Results of an Early Access Treatment Protocol (EAP) of Daratumumab in United States Patients with Relapsed or Refractory Multiple Myeloma

Background: Daratumumab (dara) is a human CD38-directed monoclonal antibody indicated for the treatment of patients (pts) with multiple myeloma (MM) who have received ≥3 prior lines of therapy including a proteasome inhibitor (PI) and an immunomodulatory agent (IMID) or who are double-refractory to a PI and an IMID. Accelerated approval was granted in the United States (US) in November 2015, based largely on the results of MMY2002, a pivotal phase 2 study in this pt population.

Methods: The objectives of this multicenter, open-label early access treatment protocol (EAP) were to provide early access to dara treatment and collect safety and patient-reported outcome (PRO) data in this pt population. Eligibility criteria were similar to those of pivotal study MMY2002 and included age ≥18 years, documented MM, progression by IMWG criteria following the most recent therapy, ≥3 prior lines of therapy including a PI and an IMID or disease double-refractory to a PI and an IMID, ECOG performance status score 0-2, no known chronic obstructive pulmonary disease or persistent asthma, no ongoing MM therapy, and no prior exposure to anti-CD38 antibody therapy. Pts received dara 16 mg/kg IV weekly for 8 weeks, then every 2 weeks for 16 weeks, and then every 4 weeks until disease progression, unacceptable toxicity, or 60 days after US approval. Pre- and post-infusion medications were administered as in study MMY2002. Serious adverse events (SAEs), grade 3-4 AEs, infusion related reactions (IRRs), and PRO data were collected.

Results: In total, 400 pts were screened and 348 pts were enrolled and dosed at 39 US sites from July to November 2015. Median age was 65 (range 27-94) years; 72% were white, and 17% were African American. Three-fourths of pts were symptomatic with an ECOG score of 1 (58%) or 2 (16%). Pts received a median of 8 (range 1-17) doses, and median treatment exposure was 1.9 (range 0.03-6.0) months. Median durations of infusion were 7.4, 4.4, and 3.5 hours for the first, second, and all subsequent infusions, respectively. Half of pts (52%) transitioned to commercial drug after marketing authorization, whereas 37% discontinued due to progressive disease. Treatment emergent grade >3 AEs were reported in 51% of pts. The most common grade ≥3 AEs were thrombocytopenia (15%) and anemia (14%). SAEs occurred in 35% of pts, including 12% of pts with SAEs which were reported by investigators as drug-related. The most common SAEs were infections, which occurred in 11% of pts. Nine percent of pts discontinued therapy due to AEs, including 3% for drug-related AEs. Thirteen (4%) pts had an AE with a fatal outcome, including 2 (0.6%) pts with drug-related AEs (pyrexia, thrombocytopenia/ subdural hematoma). IRRs occurred in 56% of pts, including 8% with grade >3 IRRs. IRRs occurred in 56%, 2%, and 2% of first, second, and all subsequent infusions, respectively; the most common IRRs were respiratory or thoracic symptoms (cough, dyspnea, throat irritation, nasal congestion), which occurred in 31% of pts. The median change from baseline in all the domains of the EQ-5D-5L and EORTC QLQ-C30 scales after 1 and 2 cycles as well as at pts' last assessment was 0, with the exception of EQ-5D-5L VAS, which showed a median increase of 1 and 2 units after 1 and 2 cycles, respectively.

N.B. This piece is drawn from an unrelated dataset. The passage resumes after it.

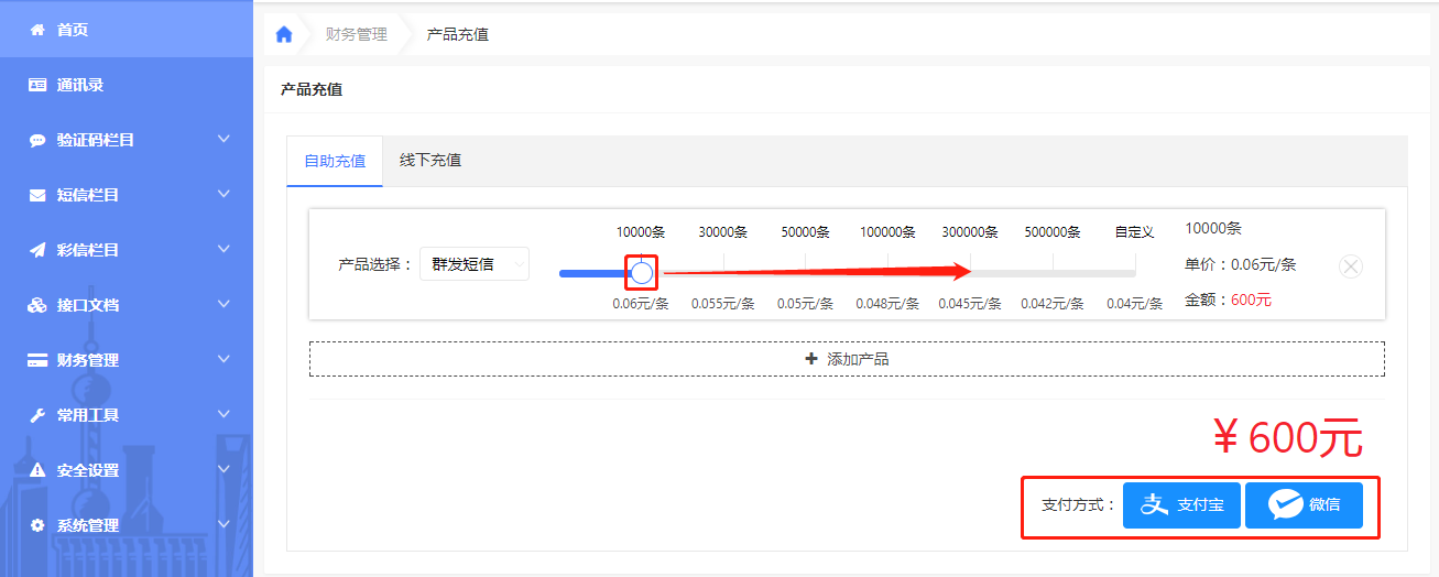 选择充值条数,滑动图中被圈的进度条到所需充值的条数下,可自动结算所付金额。注:在线充值可支持:微信支付和支付宝支付。

Conclusions: EAP results in US pts confirmed the safety profile of dara in MM pts with >3 prior therapies including a PI and IMID or who were refractory to both PI and IMID. SAEs occurred in one-third of pts, but only 12% of pts experienced a drug-related SAE. More than half of pts experienced IRRs, which primarily occurred during the first infusion and were grade 1-2 in severity. Pts maintained their health-related quality of life during a median duration of 2 months of therapy.